Изучение социокультурной истории перевода и переводческих практик открывает новые перспективы в исследовании интеллектуальных сфер прошлого. Как человек в разные эпохи осмыслял общество? Каким образом культуры взаимодействовали в процессе обмена идеями? Как формировались новые системы понятий и представлений, определявшие развитие русской культуры в Новое время? Цель настоящего издания — исследовать трансфер, адаптацию и рецепцию основных европейских политических идей в России XVIII века сквозь призму переводов общественно-политических текстов.

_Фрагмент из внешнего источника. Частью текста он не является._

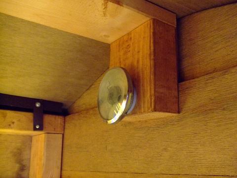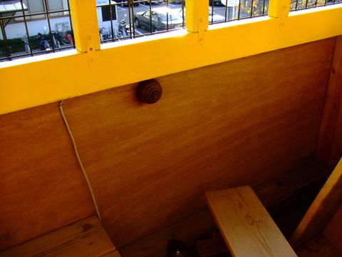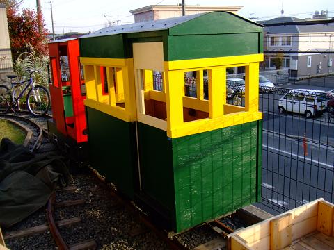 客 車 明野軽便鉄道の客車です。 この車両は三回ほどお色直しされています。 ▲ 客車の外観 製造当初は青と白というカラーでしたが しばらくしてから今の色に変わりました。 ▲ ちゃんと客車に扉があります。 手動で扉は開閉してください。 ▲ 車内には機関車につながるボタンが設置されています。 ▲ 車内に温度計も完備されています。

Авторы рассматривают перевод как «лабораторию», где понятия обретали свое специфическое значение в конкретных социальных и исторических контекстах.Книга делится на три тематических блока, в которых изучаются перенос/перевод отдельных политических понятий («деспотизм», «государство», «общество», «народ», «нация» и др.); речевые практики осмысления политики («медицинский дискурс», «монархический язык»); принципы перевода отдельных основополагающих текстов и роль переводчиков в создании новой социально-политической терминологии.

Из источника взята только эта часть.